▸ WHAT THE EXERCISE ASKS:
Give the records back exactly as written, but without the images.

(INPUT MATERIAL Opens)

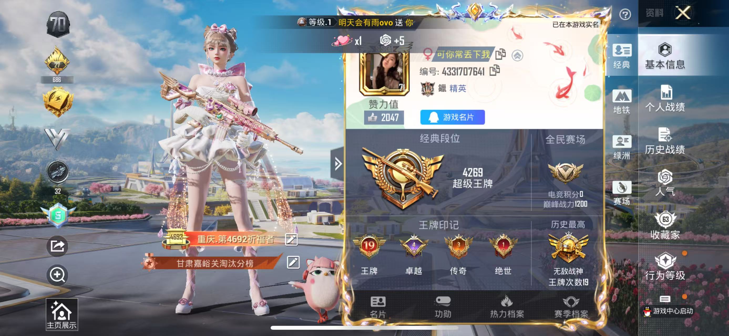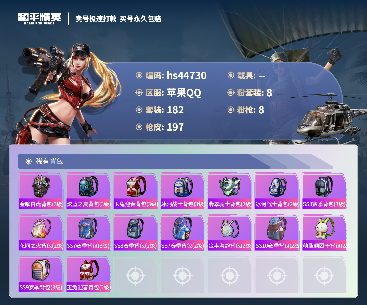 游戏区服:和平精英 / 苹果系统 / QQ帐号
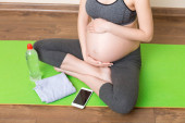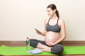 Ciężarna kobieta trzyma smartfona podczas siedzenia na macie do jogi w domu w czasie koronawirusu.
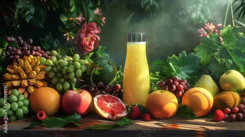 Healthy fresh fruits juice, drink. Vitamins, fitness drink, health food.
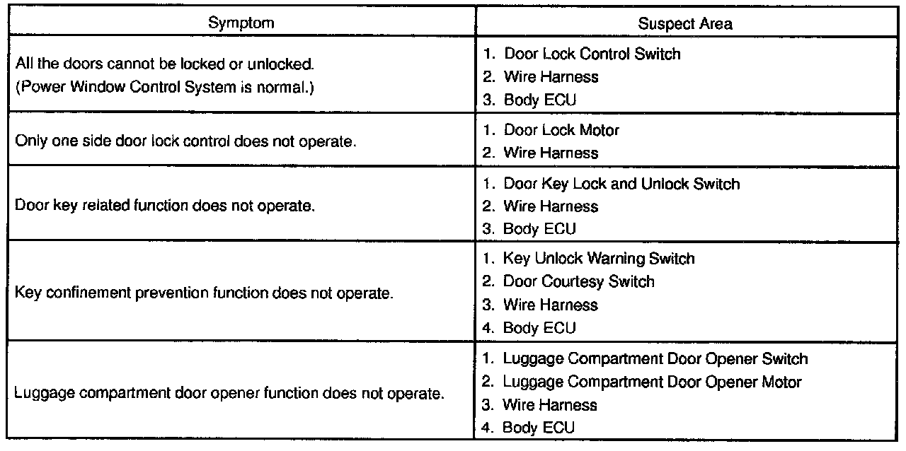 PROBLEM SYMPTOMS TABLEProblem Symptoms Table - Power Door Lock Control System:
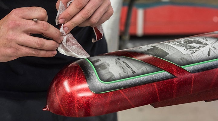 For this WWII-commemorative project, Morley applied a low tack, transfer paper to cover and protect the dècoupage. Then he mixed DBC500 with DMX212 red candy dye to create the striping and the overall candy color. Different tape widths were used for the striping and were unmasked in stages as additional coats of the candy color were applied. Additional black candy drop shadows enhanced the overall look. DC4000 clearcoat finished the work.

(INPUT MATERIAL Closes)

▸ YOUR SOLUTION:
 游戏区服:和平精英 / 苹果系统 / QQ帐号
 Ciężarna kobieta trzyma smartfona podczas siedzenia na macie do jogi w domu w czasie koronawirusu.
 Healthy fresh fruits juice, drink. Vitamins, fitness drink, health food.
 PROBLEM SYMPTOMS TABLEProblem Symptoms Table - Power Door Lock Control System:
 For this WWII-commemorative project, Morley applied a low tack, transfer paper to cover and protect the dècoupage. Then he mixed DBC500 with DMX212 red candy dye to create the striping and the overall candy color. Different tape widths were used for the striping and were unmasked in stages as additional coats of the candy color were applied. Additional black candy drop shadows enhanced the overall look. DC4000 clearcoat finished the work.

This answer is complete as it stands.